Using the data below, print exactly the line with "637.00 | View |", the line with "It sits today", and every line between them, but none of the pictures.

▶ **Entries supplied**
┄┄┄┄┄┄

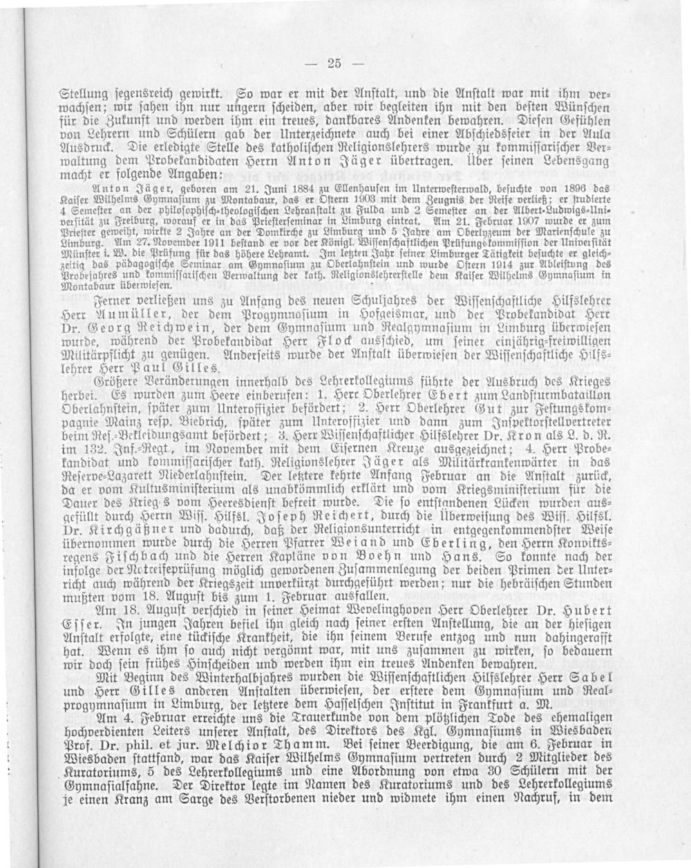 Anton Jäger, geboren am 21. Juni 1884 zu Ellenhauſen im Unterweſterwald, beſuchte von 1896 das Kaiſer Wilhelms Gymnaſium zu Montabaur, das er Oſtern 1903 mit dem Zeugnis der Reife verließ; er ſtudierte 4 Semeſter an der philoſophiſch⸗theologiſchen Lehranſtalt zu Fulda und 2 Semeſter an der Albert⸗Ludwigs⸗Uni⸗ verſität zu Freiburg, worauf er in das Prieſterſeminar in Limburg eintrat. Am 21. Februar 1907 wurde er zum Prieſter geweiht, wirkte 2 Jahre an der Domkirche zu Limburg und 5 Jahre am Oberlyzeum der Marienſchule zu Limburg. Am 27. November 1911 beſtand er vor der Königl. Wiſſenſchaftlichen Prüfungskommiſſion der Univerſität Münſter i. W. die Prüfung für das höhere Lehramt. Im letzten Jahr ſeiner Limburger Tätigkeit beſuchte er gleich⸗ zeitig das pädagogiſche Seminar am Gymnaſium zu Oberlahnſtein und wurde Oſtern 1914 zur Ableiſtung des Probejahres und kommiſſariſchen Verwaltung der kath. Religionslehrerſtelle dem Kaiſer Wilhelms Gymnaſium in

┄┄┄┄┄┄

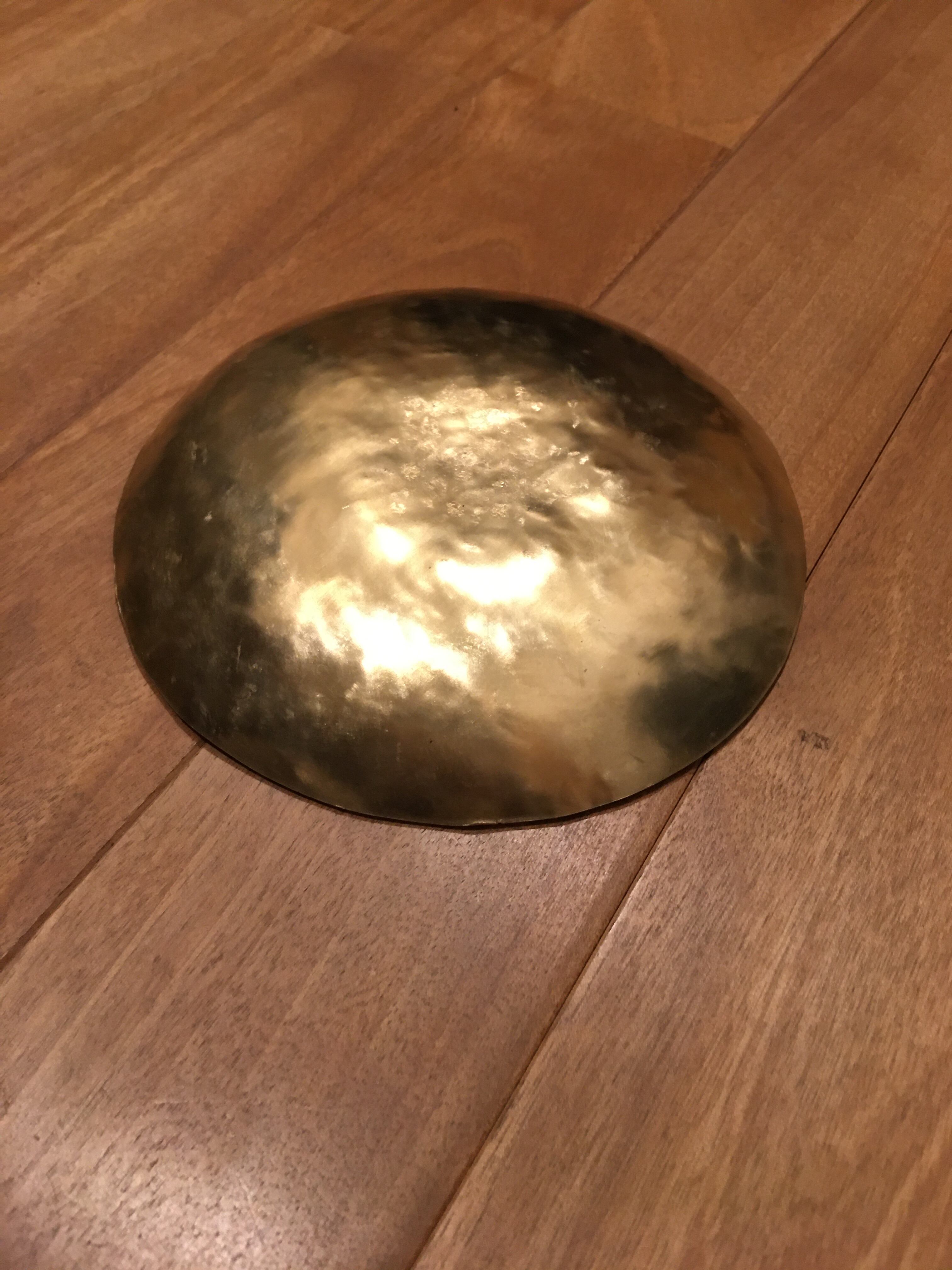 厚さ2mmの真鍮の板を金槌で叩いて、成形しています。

┄┄┄┄┄┄

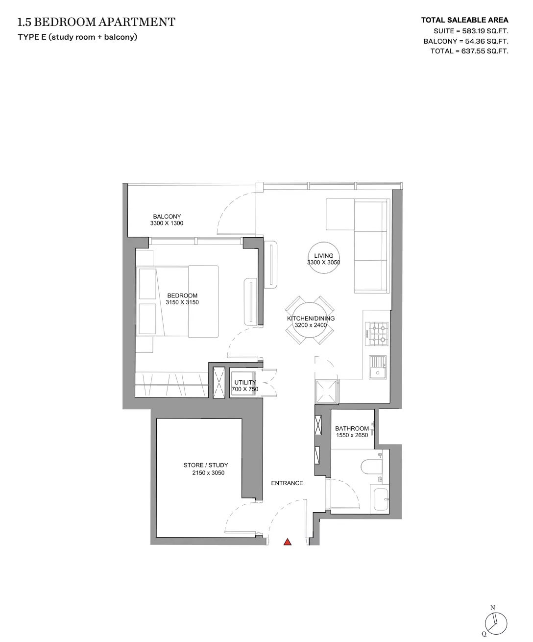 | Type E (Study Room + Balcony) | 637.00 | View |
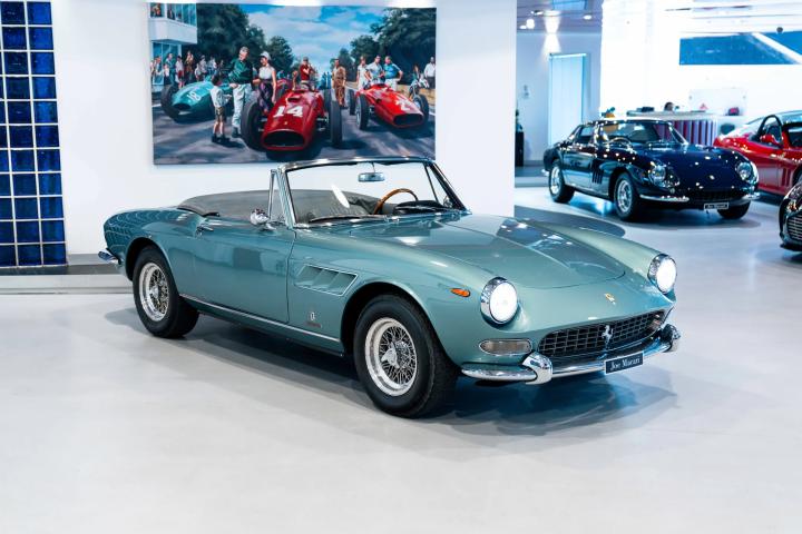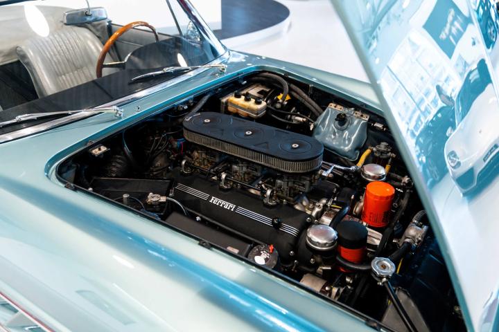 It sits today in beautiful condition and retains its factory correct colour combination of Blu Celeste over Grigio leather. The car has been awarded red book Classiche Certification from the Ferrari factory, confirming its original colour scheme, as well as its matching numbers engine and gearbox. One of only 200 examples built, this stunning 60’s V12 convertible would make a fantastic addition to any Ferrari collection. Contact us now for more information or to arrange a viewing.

┄┄┄┄┄┄

▶ **Answer box**
 | Type E (Study Room + Balcony) | 637.00 | View |
 It sits today in beautiful condition and retains its factory correct colour combination of Blu Celeste over Grigio leather. The car has been awarded red book Classiche Certification from the Ferrari factory, confirming its original colour scheme, as well as its matching numbers engine and gearbox. One of only 200 examples built, this stunning 60’s V12 convertible would make a fantastic addition to any Ferrari collection. Contact us now for more information or to arrange a viewing.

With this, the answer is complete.